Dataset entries
━━━━━━━━━━━━━━━━━━━━━━━━━━━━━━

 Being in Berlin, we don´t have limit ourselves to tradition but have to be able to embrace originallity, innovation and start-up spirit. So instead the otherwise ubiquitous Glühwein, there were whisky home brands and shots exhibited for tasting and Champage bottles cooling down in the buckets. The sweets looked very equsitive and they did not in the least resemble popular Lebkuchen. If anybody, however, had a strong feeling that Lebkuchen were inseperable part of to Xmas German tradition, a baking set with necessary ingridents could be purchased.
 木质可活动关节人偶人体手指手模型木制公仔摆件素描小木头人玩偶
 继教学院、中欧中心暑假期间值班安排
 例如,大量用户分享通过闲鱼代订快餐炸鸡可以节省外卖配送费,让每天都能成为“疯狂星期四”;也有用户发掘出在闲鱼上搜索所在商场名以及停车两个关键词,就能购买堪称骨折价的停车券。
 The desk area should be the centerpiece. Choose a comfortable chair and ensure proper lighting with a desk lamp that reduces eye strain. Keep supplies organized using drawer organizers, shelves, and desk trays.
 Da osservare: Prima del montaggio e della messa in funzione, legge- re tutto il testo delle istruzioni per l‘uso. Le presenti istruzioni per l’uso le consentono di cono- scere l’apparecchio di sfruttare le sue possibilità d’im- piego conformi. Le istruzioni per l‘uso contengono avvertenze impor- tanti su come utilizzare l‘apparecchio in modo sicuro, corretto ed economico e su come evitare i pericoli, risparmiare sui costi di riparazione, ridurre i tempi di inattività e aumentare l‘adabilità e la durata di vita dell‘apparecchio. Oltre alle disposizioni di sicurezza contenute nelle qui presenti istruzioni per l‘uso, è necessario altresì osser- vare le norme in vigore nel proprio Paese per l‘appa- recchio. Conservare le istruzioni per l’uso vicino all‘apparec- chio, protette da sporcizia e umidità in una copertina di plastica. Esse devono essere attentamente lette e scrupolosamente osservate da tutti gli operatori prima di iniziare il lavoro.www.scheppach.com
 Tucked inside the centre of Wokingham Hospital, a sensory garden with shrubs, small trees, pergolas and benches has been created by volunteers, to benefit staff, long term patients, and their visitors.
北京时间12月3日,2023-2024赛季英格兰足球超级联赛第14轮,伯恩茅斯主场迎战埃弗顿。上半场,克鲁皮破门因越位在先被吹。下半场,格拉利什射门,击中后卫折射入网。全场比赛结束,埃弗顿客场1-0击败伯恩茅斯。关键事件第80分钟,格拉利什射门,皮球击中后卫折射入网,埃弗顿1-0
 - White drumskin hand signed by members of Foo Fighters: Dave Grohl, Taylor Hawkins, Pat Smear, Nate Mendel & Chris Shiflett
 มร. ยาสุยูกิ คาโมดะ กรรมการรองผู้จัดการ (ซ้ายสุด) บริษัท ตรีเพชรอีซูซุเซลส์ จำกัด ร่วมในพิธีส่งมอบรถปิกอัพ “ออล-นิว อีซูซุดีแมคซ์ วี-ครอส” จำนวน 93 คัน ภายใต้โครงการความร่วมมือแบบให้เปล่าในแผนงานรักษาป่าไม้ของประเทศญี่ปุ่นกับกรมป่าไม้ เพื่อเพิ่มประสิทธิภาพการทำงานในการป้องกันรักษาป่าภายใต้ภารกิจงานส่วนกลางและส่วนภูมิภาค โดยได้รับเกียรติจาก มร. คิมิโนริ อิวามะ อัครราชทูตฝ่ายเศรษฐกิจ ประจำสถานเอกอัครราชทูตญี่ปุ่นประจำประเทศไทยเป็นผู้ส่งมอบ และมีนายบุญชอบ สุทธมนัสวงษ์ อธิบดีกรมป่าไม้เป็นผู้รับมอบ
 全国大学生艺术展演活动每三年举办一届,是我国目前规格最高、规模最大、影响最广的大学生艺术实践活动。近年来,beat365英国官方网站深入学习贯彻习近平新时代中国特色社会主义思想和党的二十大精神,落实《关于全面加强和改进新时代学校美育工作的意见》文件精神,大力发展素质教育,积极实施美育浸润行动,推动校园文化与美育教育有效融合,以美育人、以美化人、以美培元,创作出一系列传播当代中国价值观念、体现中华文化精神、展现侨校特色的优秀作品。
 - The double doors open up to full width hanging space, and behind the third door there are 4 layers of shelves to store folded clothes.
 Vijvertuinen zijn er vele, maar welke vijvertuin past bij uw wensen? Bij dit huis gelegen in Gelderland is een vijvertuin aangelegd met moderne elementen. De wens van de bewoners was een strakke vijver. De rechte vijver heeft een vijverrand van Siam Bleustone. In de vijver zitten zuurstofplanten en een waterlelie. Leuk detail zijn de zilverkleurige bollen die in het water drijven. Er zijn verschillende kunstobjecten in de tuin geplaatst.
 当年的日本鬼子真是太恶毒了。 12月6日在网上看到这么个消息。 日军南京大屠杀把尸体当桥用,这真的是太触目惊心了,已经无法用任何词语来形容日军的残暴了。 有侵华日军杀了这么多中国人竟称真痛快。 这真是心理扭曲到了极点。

━━━━━━━━━━━━━━━━━━━━━━━━━━━━━━

Scan the records for the word "shelves" and copy every line where it is found.

 The desk area should be the centerpiece. Choose a comfortable chair and ensure proper lighting with a desk lamp that reduces eye strain. Keep supplies organized using drawer organizers, shelves, and desk trays.
 - The double doors open up to full width hanging space, and behind the third door there are 4 layers of shelves to store folded clothes.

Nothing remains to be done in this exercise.